** YOUR OBJECTIVE **
With the pictures left out, copy the records below exactly from the first line down to the line holding "Flygo Womens Cropped", and include that line.

[Saved data entries]
-- Opening Marker --
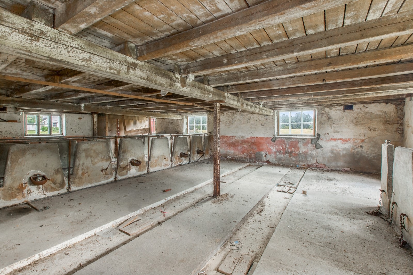 Ved overtakelse av eiendommen blir våningshuset og kårbolig ryddet og rengjort. Øvrige bygninger og
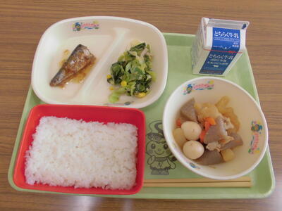 ごはん 牛乳 いわしおかか煮 ほうれん草サラダ 豚肉と大根の煮物
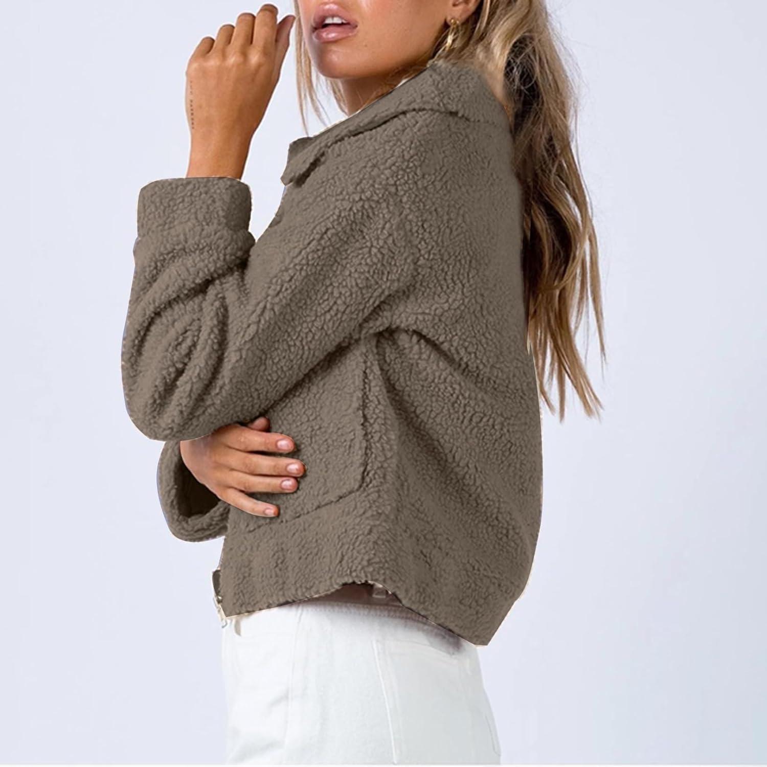 Flygo Womens Cropped Zip Up Lapel Shaggy Teddy Fleece Jacket Faux Fur Coat(Brown)
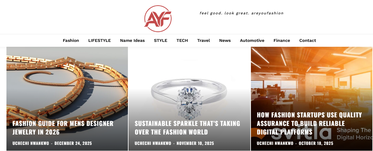 AreYouFashion.com carries a friendly, approachable vibe, with the tagline “Feel Good, Look Great” consistently reflected across its pages. This messaging signals that the site prioritizes confidence and self-expression over following strict fashion rules.
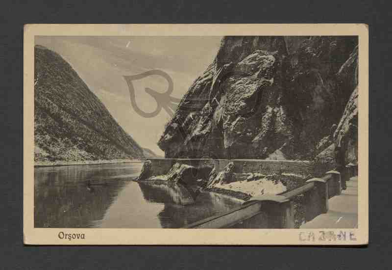 Von der Uferstraße aus ist die Donau beim Eisernen Tor zu sehen. Links und rechts des Flußes verschneite Felswände.
-- Closing Marker --
** WRITTEN RESPONSE **
 Ved overtakelse av eiendommen blir våningshuset og kårbolig ryddet og rengjort. Øvrige bygninger og
 ごはん 牛乳 いわしおかか煮 ほうれん草サラダ 豚肉と大根の煮物
 Flygo Womens Cropped Zip Up Lapel Shaggy Teddy Fleece Jacket Faux Fur Coat(Brown)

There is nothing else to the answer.